**ABOUT THIS TASK:** Repeat the entries without change, omitting the pictures.

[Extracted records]
▼
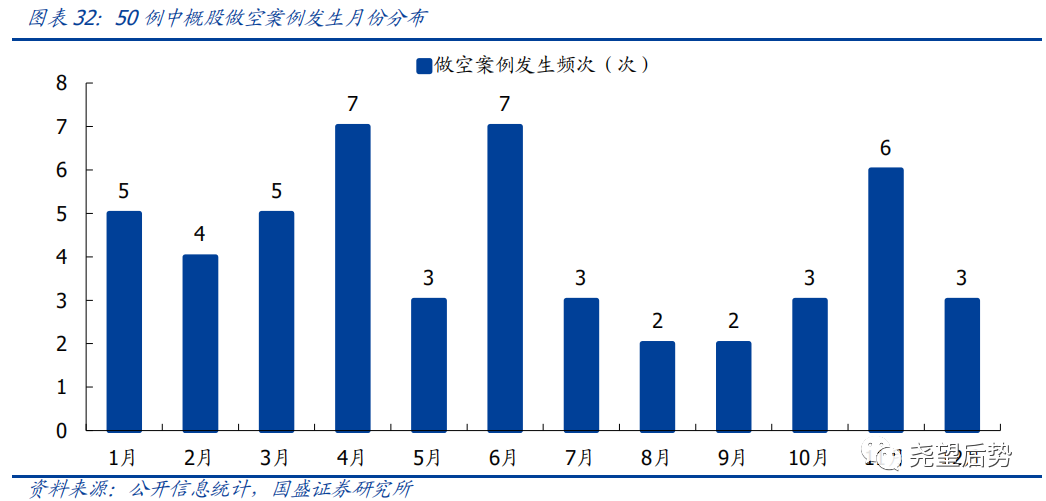 最后,中概股做空潮还具有一定的“日历效应”。市场情绪是做空的重要推动力。做空报告的发布实际上只是扣动了“狙击”行动的扳机,真正打压股价的是随之而来的业绩暴雷,以及证监会审查和后续诉讼的推波助澜。因此,选择合适的时间点进行做空在很大程度上影响着最终的收益。根据我们搜集的50个做空案例来看,4月、7月和11月做空案例爆发次数相对较多。而这些月份是上市公司业绩信息的集中披露期。此时,市场对于公司业绩的关注度较高,同时业绩兑现也便于印证做空中的种种推断。因而,财报披露期前后,往往是市场做空的高峰期。
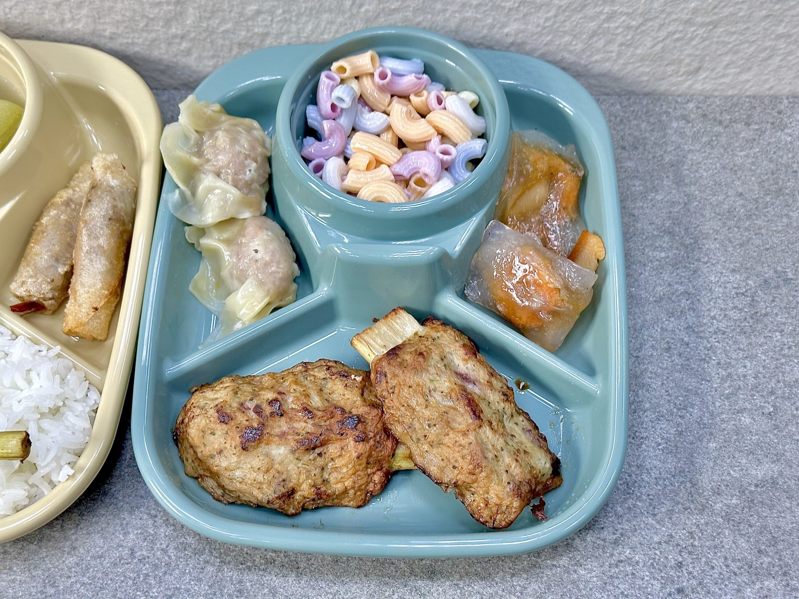 Khay ăn chia 3 ngăn kèm khay để cốc Inomata (hình chữ nhật – màu xanh)
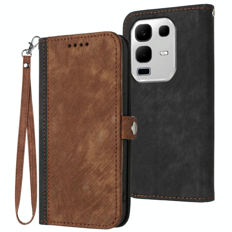 For Infinix Note 50x Side Buckle Double Fold Hand Strap Leather Phone Case(Brown)
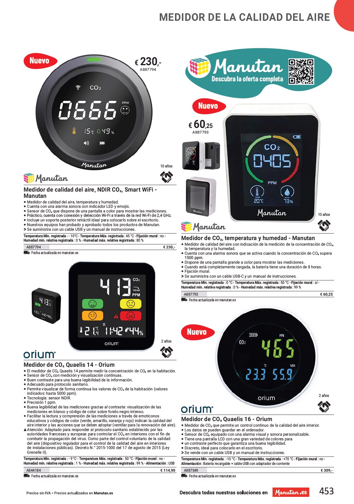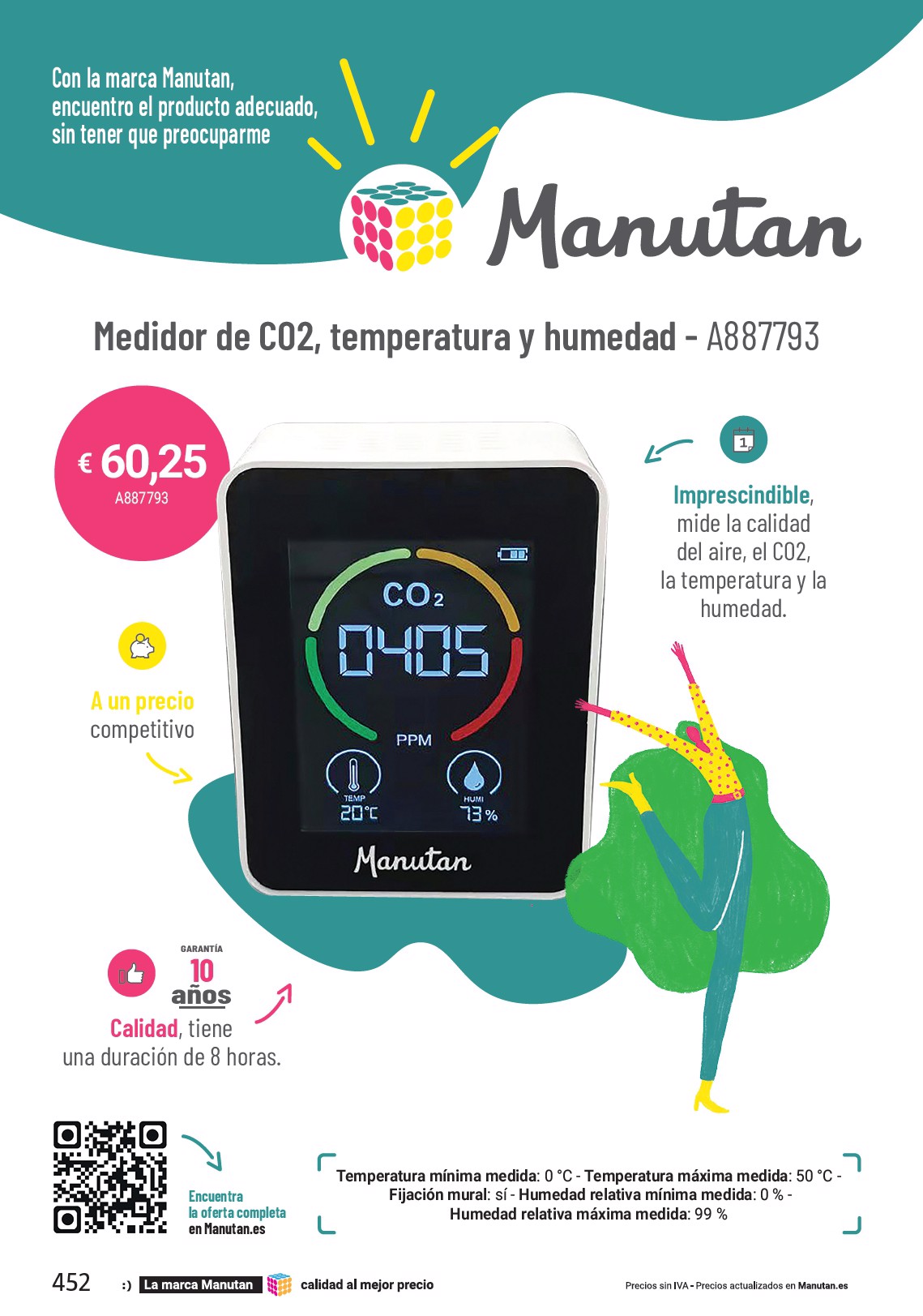 Con la marca Manutan, encuentro el producto adecuado, sin tener que preocuparme Medidor de CO2, temperatura y humedad - A887793 60,25 € A887793 A un precio competitivo Imprescindible , mide la calidad del aire, el CO2, la temperatura y la humedad. añ 10 os GARANTÍA Calidad , tiene una duración de 8 horas. 452 Encuentra la oferta completa en Manutan.es Temperatura mínima medida : 0 °C - Temperatura máxima medida : 50 °C - Fijación mural : sí - Humedad relativa mínima medida : 0 % - Humedad relativa máxima medida : 99 %
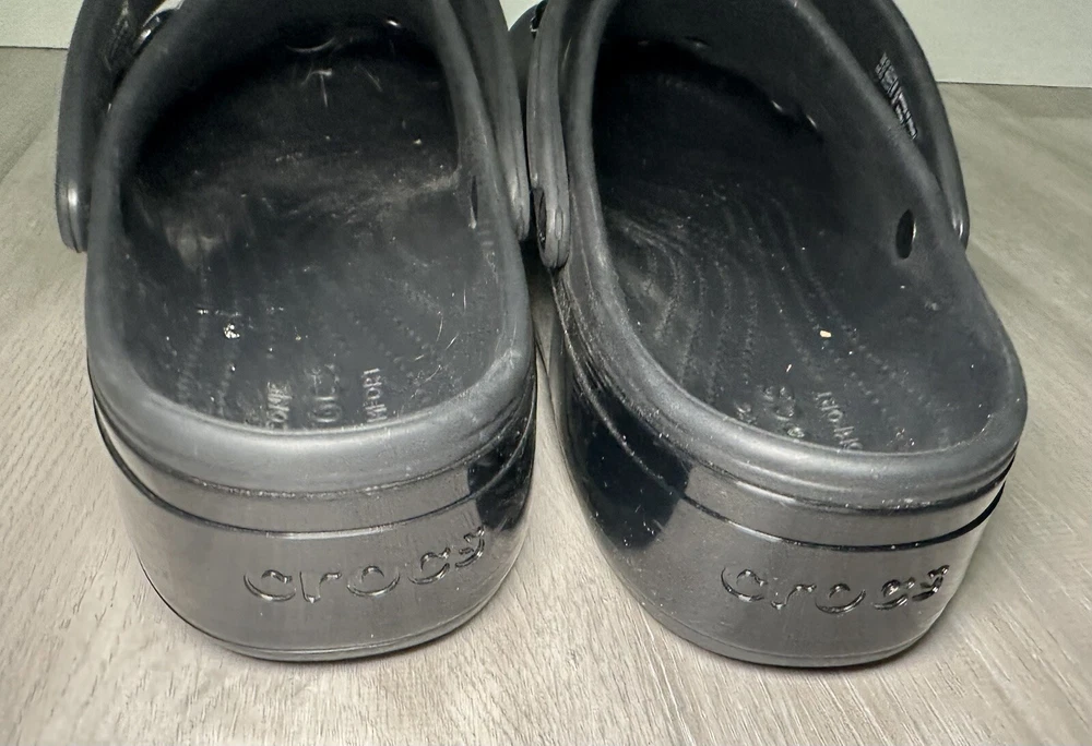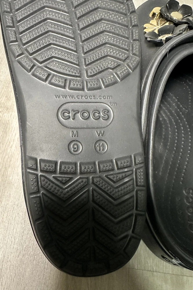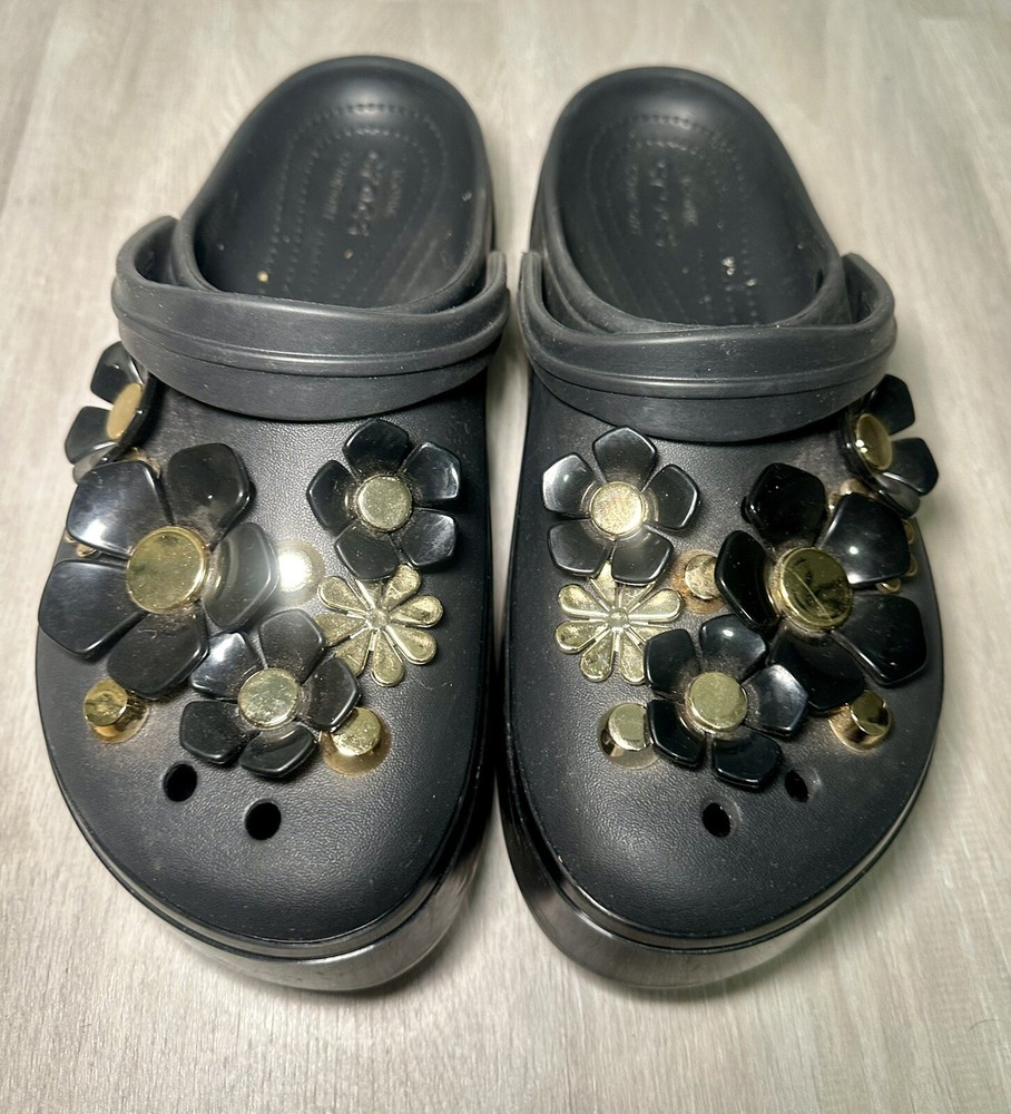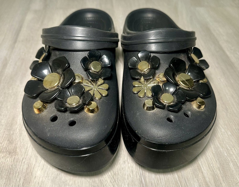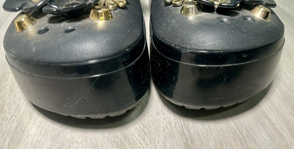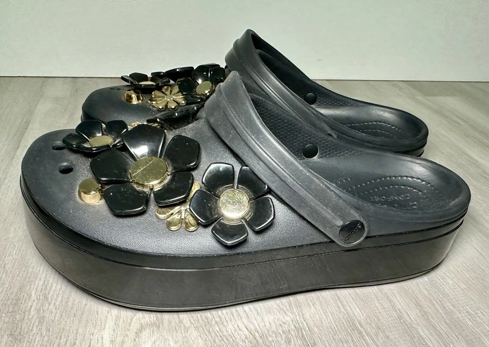 Crocs Classic Platform Clog Black & Gold with Flowers Size 11 Benefits Charity. Condition is Pre-owned. Shipped with Standard Shipping.
▲
**TASK SOLUTION:**
 最后,中概股做空潮还具有一定的“日历效应”。市场情绪是做空的重要推动力。做空报告的发布实际上只是扣动了“狙击”行动的扳机,真正打压股价的是随之而来的业绩暴雷,以及证监会审查和后续诉讼的推波助澜。因此,选择合适的时间点进行做空在很大程度上影响着最终的收益。根据我们搜集的50个做空案例来看,4月、7月和11月做空案例爆发次数相对较多。而这些月份是上市公司业绩信息的集中披露期。此时,市场对于公司业绩的关注度较高,同时业绩兑现也便于印证做空中的种种推断。因而,财报披露期前后,往往是市场做空的高峰期。
 Khay ăn chia 3 ngăn kèm khay để cốc Inomata (hình chữ nhật – màu xanh)
 For Infinix Note 50x Side Buckle Double Fold Hand Strap Leather Phone Case(Brown)
 Con la marca Manutan, encuentro el producto adecuado, sin tener que preocuparme Medidor de CO2, temperatura y humedad - A887793 60,25 € A887793 A un precio competitivo Imprescindible , mide la calidad del aire, el CO2, la temperatura y la humedad. añ 10 os GARANTÍA Calidad , tiene una duración de 8 horas. 452 Encuentra la oferta completa en Manutan.es Temperatura mínima medida : 0 °C - Temperatura máxima medida : 50 °C - Fijación mural : sí - Humedad relativa mínima medida : 0 % - Humedad relativa máxima medida : 99 %
 Crocs Classic Platform Clog Black & Gold with Flowers Size 11 Benefits Charity. Condition is Pre-owned. Shipped with Standard Shipping.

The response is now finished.